# Experiment - Results of Testing Ammo Boxes



## Illini Warrior (Jan 24, 2015)

probably one of the more stupid things I've seen done lately - how not to conduct a test ....


----------



## SGT E (Feb 25, 2015)

I use steel....ONLY steel....I had wondered about the cheap garbage Harbor Freight junk but never tried it. I saw a video a few years ago about a family that found a fallout shelter in their back yard and there was a large WW2 ammo cans floating in several feet of water....way more rusty than these cans were! The stuff inside was like new. Enough test for me!

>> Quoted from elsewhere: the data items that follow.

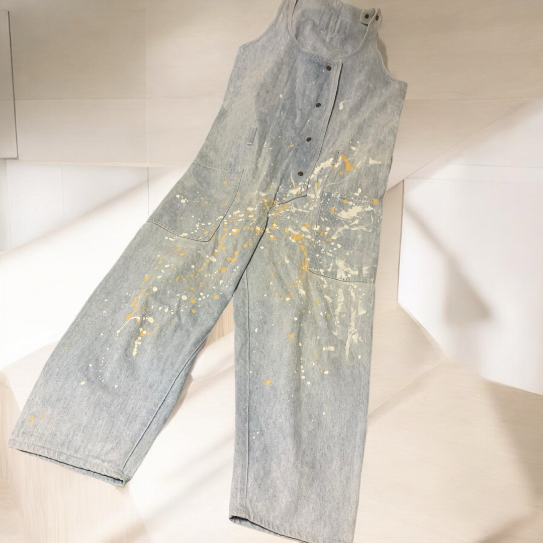 - Cracker leans オールインワン 1点物 ブルー オーバーオール サロペット デニム ペンキ ダメージ加工 ブルー 飛沫
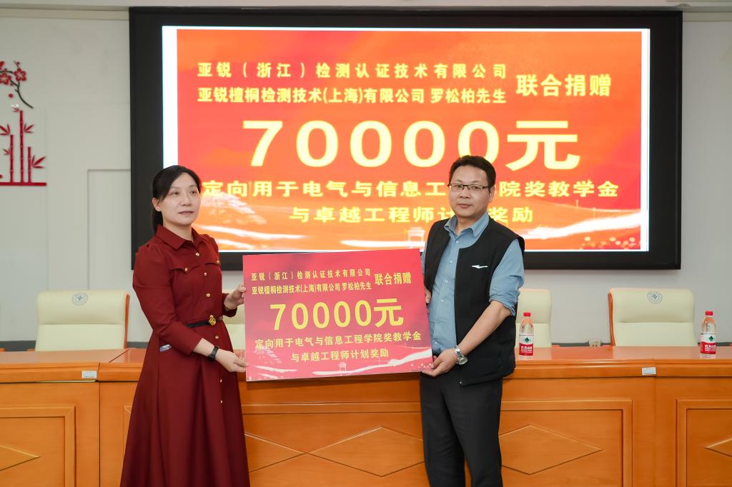 成立仪式中,校友反哺母校成为亮点:07届校友、亚锐檀桐检测技术(上海)有限公司总经理邓勇签约捐赠7万元,同届校友衢州市新扬机械制造有限公司的董事长肖硕文意向捐款6万元,定向支持学院教育事业发展;98届校友、广东美芯润达电子科技有限公司董事长胡跃进与学院签订横向合作协议,推动技术攻关与人才共育。
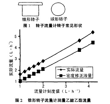 轉(zhuan)子流量(liang)計常見(jiàn)的轉子(zi)形狀如(rú)圖1所示(shì),左邊圖(tu)形的轉(zhuǎn)♻️子✂️用廣(guǎng)泛,爲錐(zhui)形轉子(zi);右邊的(de)圖形爲(wèi)圓珠形(xing),爲球形(xing)轉子。用(yòng)這兩種(zhǒng)轉子流(liu)量計,經(jīng)過測量(liang),得到下(xià)列較爲(wei)幾個典(dian)型的圖(tú)例。在📐錐(zhui)型轉子(zǐ)流量計(ji)中,粘度(du)爲0.52mpa.s、密度(dù)爲900kg·m-3’的液(yè)體乙酸(suān)乙醋的(de)實測結(jié)果見圖(tu)2,粘度爲(wèi)1.gmPa·s、密度爲(wei)1050kg·m-3的丁内(nei)醋的實(shi)測結果(guǒ)見圖3,圖(tú)中所示(shi)的密度(dù)修正流(liu)量曲線(xiàn)指的是(shì)僅以密(mi)度進行(hang)修正的(de)曲線🚶♀️,其(qi)修正公(gong)式爲。
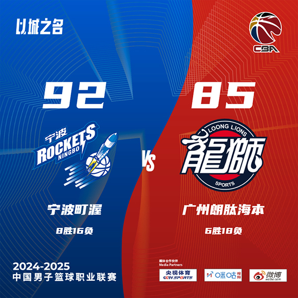 JRS直播网讯北京时间12月30日讯 CBA常规赛,宁波今日迎战广州,前者上场比赛不敌青岛,后者更是状态糟糕已经七连败。比赛上来,广州率先拿到两分后宁波连拿六分取得领先,分差也是拉开到两位数,整个第一节广州的进攻都不好只拿到16分,次节广州的表现依旧没有好转,场上分差不减反增,半场结束时宁波领先14分;下半场回来,两队的命中率仍然很低,不过宁波始终占据着场上的主动权,广州无法获得迫近比分的机会,末节广州一度将分差追到个位数但终究无法实现逆转,最终宁波轻取广州,送给后者八连败。
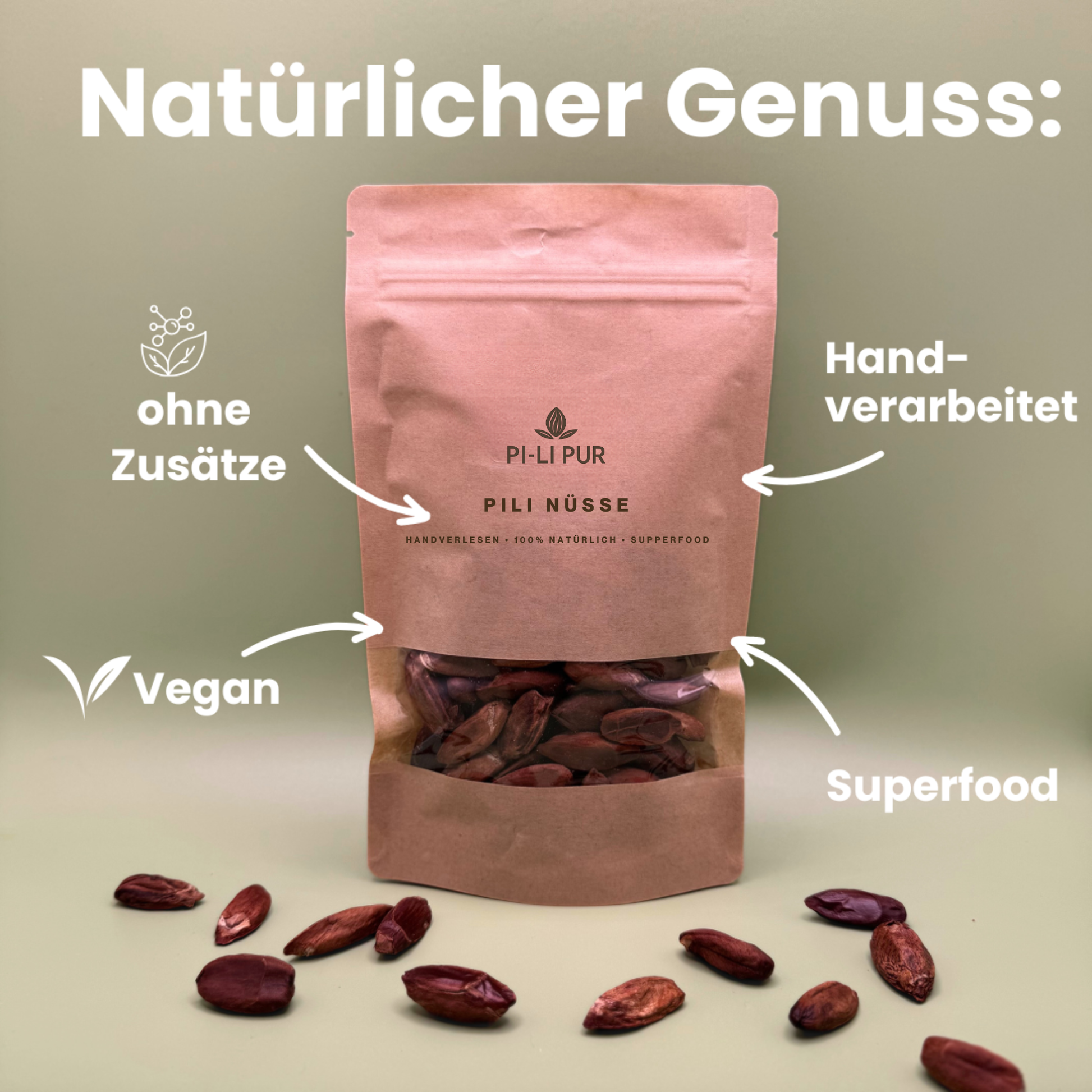 Pili-Nüsse sind wahre Kraftpakete der Natur! Mit der härtesten Schale aller Nüsse können sie nur von Hand geöffnet werden. Ihr cremig-nussiger Geschmack macht sie zu einem einzigartigen Superfood – 100 % natürlich, nährstoffreich und nachhaltig geerntet
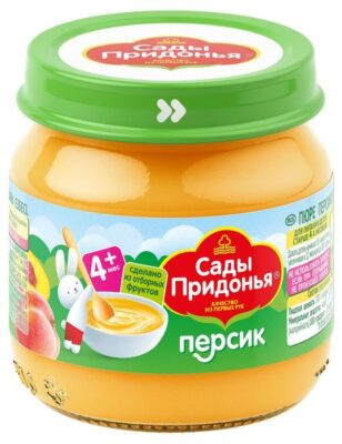 Персиковое пюре содержит органические кислоты, витамины группы В, минеральные вещества, — каротин и пектиновые вещества. Пюре из спелых персиков имеет приятный нежный вкус. Наличие пищевых волокон способствует профилактике запоров у маленького ребёнка.
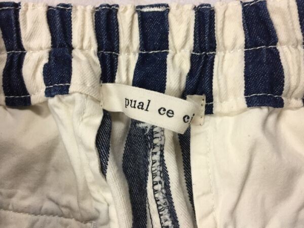 pual ce cin アメカジ ガーリー ナチュラル系 ピュアルセシン ワイド 太ストライプ イージーパンツ ボトムス レディース 白/紺
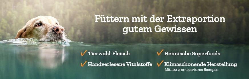 Unser Ziel ist es, jedem Hund ein langes, gesundes und glückliches Tierleben zu ermöglichen. Ohne Kompromisse. Dabei achten wir darauf, dass unsere gesunde, hochwertige Tiernahrung nicht zu Lasten der Umwelt, des Tierwohls und der Ethik geht. Wir übernehmen Verantwortung für die Natur und zukünftige Generationen und verfolgen daher als erste deutsche Tiernahrungsmarke einen ethischen Ansatz, der eine verantwortungsvolle Ernährung, mehr Tierwohl, Regionalität, Umwelt- & Klimaschutz sowie soziales Engagement vereint.
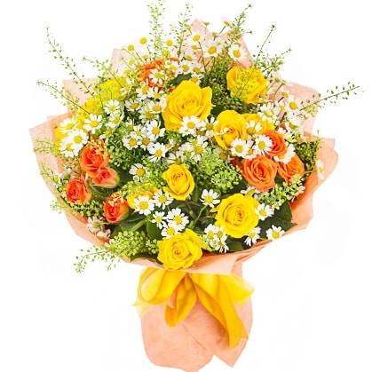 Шикарная композиция из желтых и оранжевых кустовых роз, дополненных полевыми ромашками и декоративной зеленью, непременно поднимет настроение даже в холодный и пасмурный день, а также напомнит получателю о ваших чувствах.
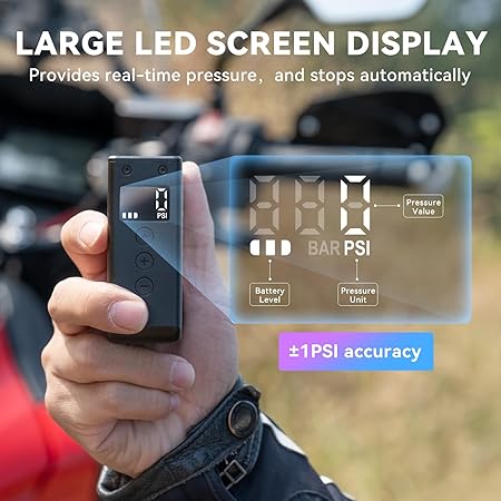 【Otomatik Kapanma】Basınç göstergesi fonksiyonlu LED büyük ekran, ± 1 PSI ölçüm hassasiyeti ile önceden ayarlanmış basınç değerlerinin ve gerçek zamanlı basınç değerlerinin kolay okunmasını sağlar. İstenilen basınç ayarlandıktan sonra, bu bisiklet lastiği şişirici kalan görevleri otomatik olarak tamamlayacak ve hedef basınca ulaşıldığında otomatik olarak duracaktır.
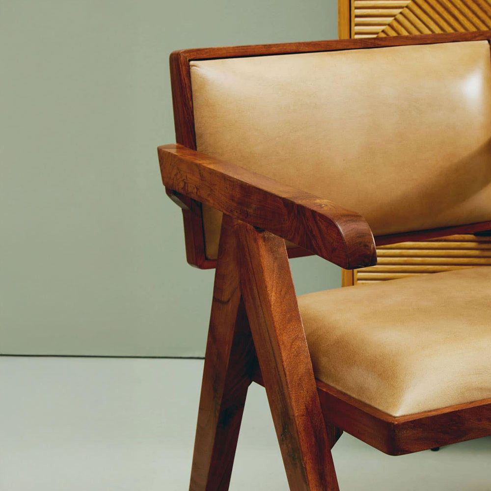 Item Code: 5529643 The Buffalo armchair has a sleek aesthetic with natural colour leather upholstery and an angular natural coloured wooden frame. This armchair has a comfortable padded seat and slanted back, upholstered in natural colour leather. The soft leather seat is supported by a strong angular natural coloured wooden frame which creates a modern aesthetic.
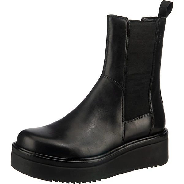 Vagabond Damen Stiefeletten/ Chelsea Boots TARA Schwarz Leder mit Elastikeinsätzen, Anziehlasche, Ziernähten und Plateausohle

Wisconsin family discovers fully-stocked fallout shelter in their back yard 50 years after it was installed at the height of the Cold War | Daily Mail Online


----------



## Smitty901 (Nov 16, 2012)

I am not storing any of my ammo in the pool.


----------



## Ragnarök (Aug 4, 2014)

why not just put a bricks and some change in ammo box and do the same test. Really dumb to waste all that ammo.


----------



## Camel923 (Aug 13, 2014)

Thanks @Illini Warrior. I am showing this to my wife after she complained loud and long about the 30 fifty cal ammo cans I bought. I am going to buy a bunch more.


----------



## stowlin (Apr 25, 2016)

I wouldn't expect either to hold out water


----------



## Smitty901 (Nov 16, 2012)

stowlin said:


> I wouldn't expect either to hold out water


 Be just my luck I would need them in the middle of winter and they would be under two feet of ice


----------



## dwight55 (Nov 9, 2012)

Since I'm not a scuba diver, . . . me and my ammo stays above the surface of the water.

May God bless,
Dwight


----------